▸ **WHAT YOU NEED TO DO**
Would you reproduce, word for word, only the lines running from the top of the data through the line containing "對(duì)于一些高聚物,在", and none of the pictures?

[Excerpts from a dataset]
^^^^
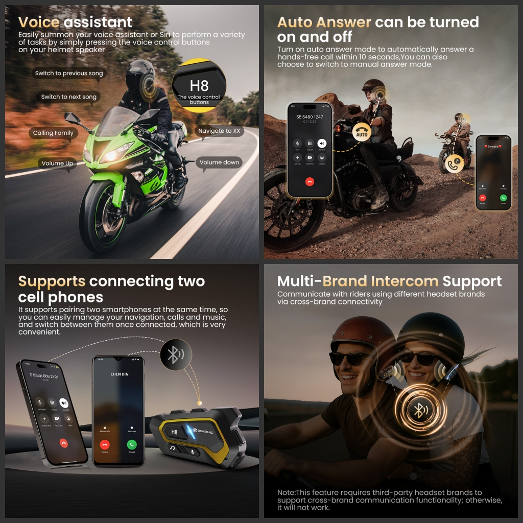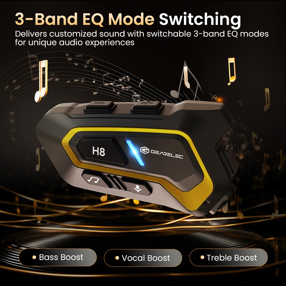 GEARELEC H8 Intercom Helm Bluetooth 6 riders 1500m Bluetooth interkom music sharing dengan Radio FM
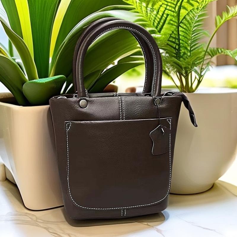 Кожаная сумка женская сумка простая мягкая воловья кожа ретро сумка-ведро универсальная сумка через плечо темно-коричневого
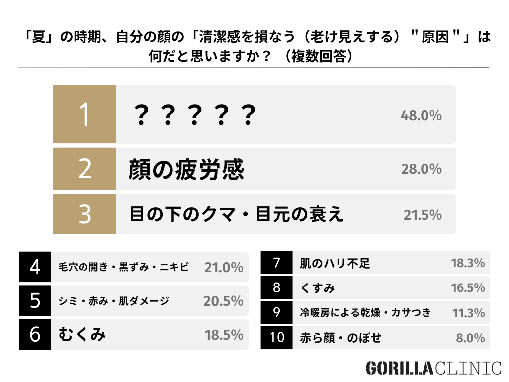 そこで全国23院展開する男性専門の総合美容医療「ゴリラクリニック」(医療法人社団十二会/東京都新宿区、稲見文彦総院長)では、20~59歳の男性400名(各世代100名)を対象に、2026年3月9日の1日間、【男性世代別/夏時期の外見・内面のコンディション】についてアンケートを実施(インターネット調査)。
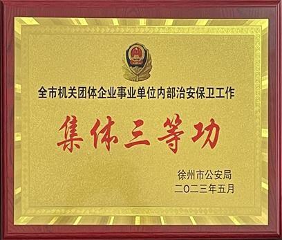 徐州市公安局 《关于表彰2022年度全市机关团体企业事业单位内部治安保卫工作先进集体和个人的决定》 (徐公局[2023]115号)文件,给予我校安全保卫处记集体三等功一次。
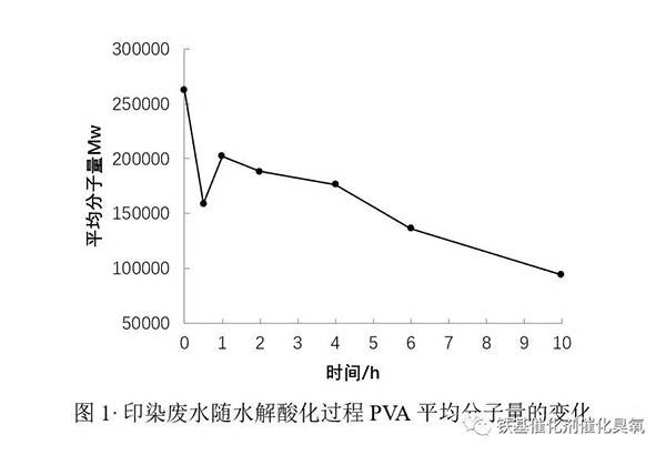 對(duì)于一些高聚物,在水解酸化段比在好氧生物段,“水解”作用進(jìn)行得更充分,即“大分子變?yōu)樾》肿印?,由此可生化性提高。如我們的研究,水解酸化處理?shí)際印染廢水中的PVA(聚乙烯醇),對(duì)降低聚合度有顯著的作用,如圖1;而好氧生物處理工藝對(duì)PVA的降解,明顯弱于水解酸化過程,如圖2;經(jīng)過水解酸化預(yù)處理后,好氧生物處理去除有機(jī)物的效果明顯提高。
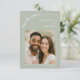 Announce your special day in style with this modern Sage Green colored Save the Date card. Featuring your favorite photo framed by a minimalist ivory line border, it perfectly blends timeless elegance with a personal touch. The handwritten script adds a romantic detail, while the clean layout keeps the design contemporary and easy to customize.
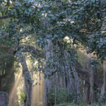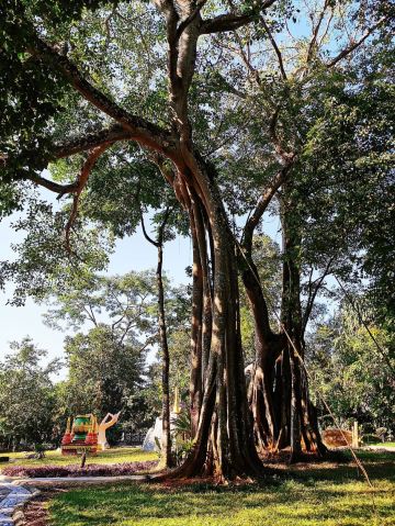 当夕阳为气根镀上金边,整片榕林会化作光影交错的迷宫。归巢的鸟群掠过树冠,惊起几片榕树叶,飘落在林间供奉树神的小祭台上——这里没有宏大的景观工程,但每一根垂落的气根都在书写雨林生命的原始诗行。
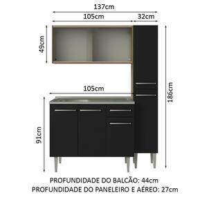 - 44 cm de profundidade no balcão e 27 cm de profundidade no aéreo e no paneleiro
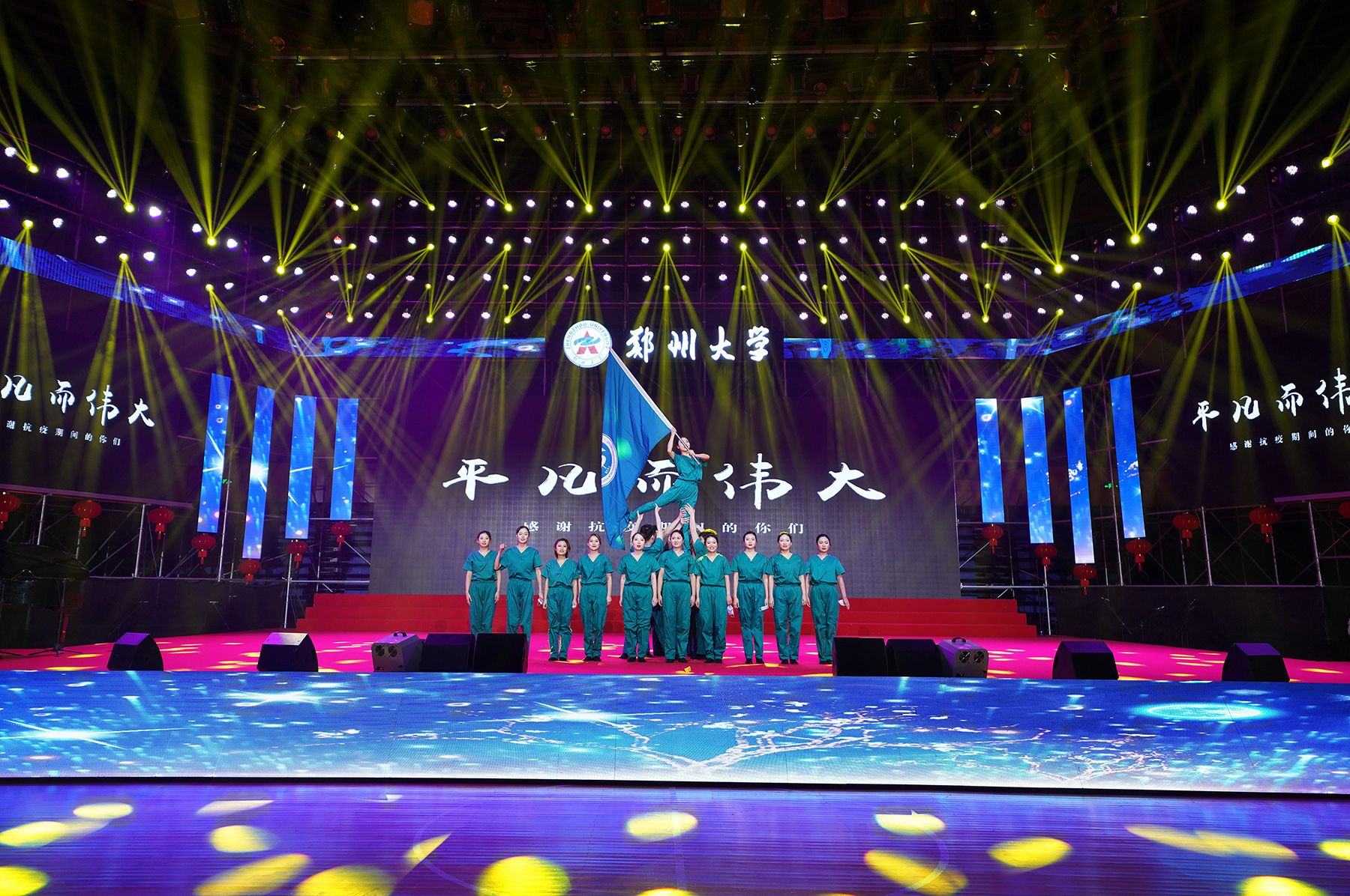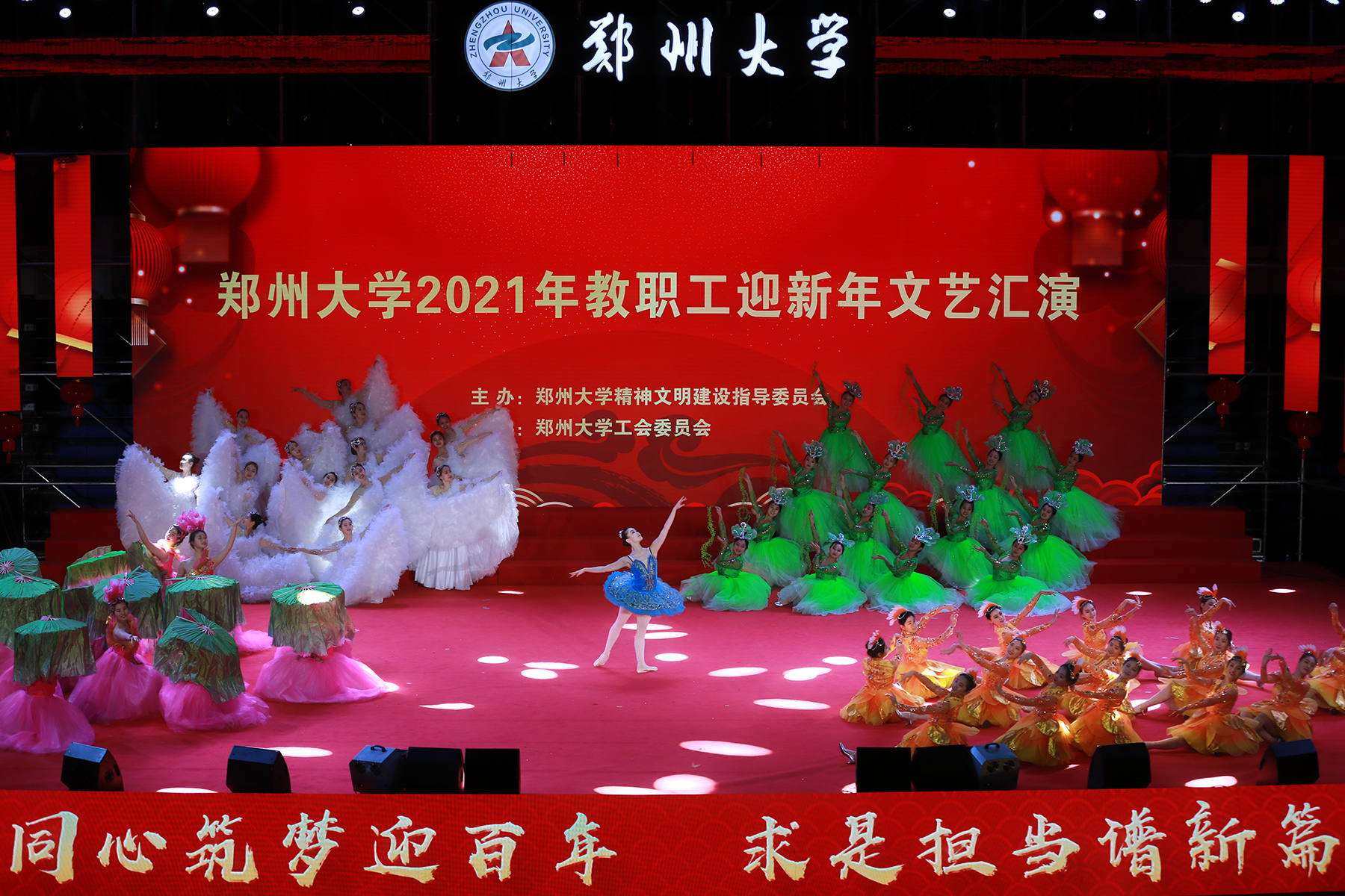 2020年12月31日,由学校精神文明建设指导委员会主办、工会委员会承办的2021年德赢AC米兰中国官方网站教职工庆元旦迎新年文艺汇演在主校区中心体育馆举行。音乐学院舞蹈《四季》拉开晚会序幕,美轮美奂的舞姿演绎出郑大的春夏秋冬;第一附属医院的舞蹈情景剧《生死不离》,生动再现了战疫期间“最美逆行者”为全国人民托起生命方舟的感人故事,现场观众无不感动落泪;国际教育学院带来朗诵《等你归来》,来自世界各地的留学生与郑大师生共克时艰,谱写出一曲人类命运共同体的生动赞歌;第二附属医院的舞蹈《守护》震撼人心,展现了中华民族亿万儿女守望相助、同心战疫的磅礴力量;河南豫剧院副院长贾文龙演唱的著名豫剧片段《吃亏歌》真挚朴实,唱出了广大党员干部人民至上的初心本色;第五附属医院的古典团扇舞《彩云追月》,为嫦娥五号揽月归来喝彩,点燃了为中国航空作出贡献、服务黄河国家战略的郑大人矢志报国、逐梦太空的科研理想;附属中学教师带来一场《盛世京韵》旗袍秀,将国风国韵之美展现得淋漓尽致,以美立德、以美育人;材料科学与工程学院歌伴舞《风光二十年》,讴歌了学校合校20年来的巨大变迁,展现了郑大人拼搏奋进的精神风貌;机关党委职工代表朗诵了由校党委常委、纪委书记许东升创作的诗歌《我是光荣的郑大人》,一流建设的出彩答卷、“求是 担当”的铮铮誓言,自豪与荣光在每一个郑大人心中升腾;药学院和人民武装部激情演绎情景表演《英雄赞歌》,三位抗美援朝老兵登上舞台,激励全校师生学习伟大抗美援朝精神,锤炼意志、勇毅前行;新闻与传播学院集体朗诵《百年礼赞》,带领全校师生重温一个个激荡人心的历史时刻,回望中国共产党波澜壮阔的百年征程,深情献礼建党100周年;图书馆带来舞蹈《中国红》,将火红的灯笼挂满舞台,这一抹红深沉而热烈,表达了郑大人对伟大祖国的深挚祝福;最后,伴随着欢快的歌伴舞《阳光路上》,文艺汇演圆满落幕。线上线下观众收获了满满的喜悦与感动,沉浸在跨年夜的浓厚氛围中。现将现场精彩节目图片奉上,敬请大家欣赏。(魏洪波 陈卓 孙未 刘文立 摄影)
^^^^
▸ **SOLUTION TO THIS PROBLEM**
 GEARELEC H8 Intercom Helm Bluetooth 6 riders 1500m Bluetooth interkom music sharing dengan Radio FM
 Кожаная сумка женская сумка простая мягкая воловья кожа ретро сумка-ведро универсальная сумка через плечо темно-коричневого
 そこで全国23院展開する男性専門の総合美容医療「ゴリラクリニック」(医療法人社団十二会/東京都新宿区、稲見文彦総院長)では、20~59歳の男性400名(各世代100名)を対象に、2026年3月9日の1日間、【男性世代別/夏時期の外見・内面のコンディション】についてアンケートを実施(インターネット調査)。
 徐州市公安局 《关于表彰2022年度全市机关团体企业事业单位内部治安保卫工作先进集体和个人的决定》 (徐公局[2023]115号)文件,给予我校安全保卫处记集体三等功一次。
 對(duì)于一些高聚物,在水解酸化段比在好氧生物段,“水解”作用進(jìn)行得更充分,即“大分子變?yōu)樾》肿印?,由此可生化性提高。如我們的研究,水解酸化處理?shí)際印染廢水中的PVA(聚乙烯醇),對(duì)降低聚合度有顯著的作用,如圖1;而好氧生物處理工藝對(duì)PVA的降解,明顯弱于水解酸化過程,如圖2;經(jīng)過水解酸化預(yù)處理后,好氧生物處理去除有機(jī)物的效果明顯提高。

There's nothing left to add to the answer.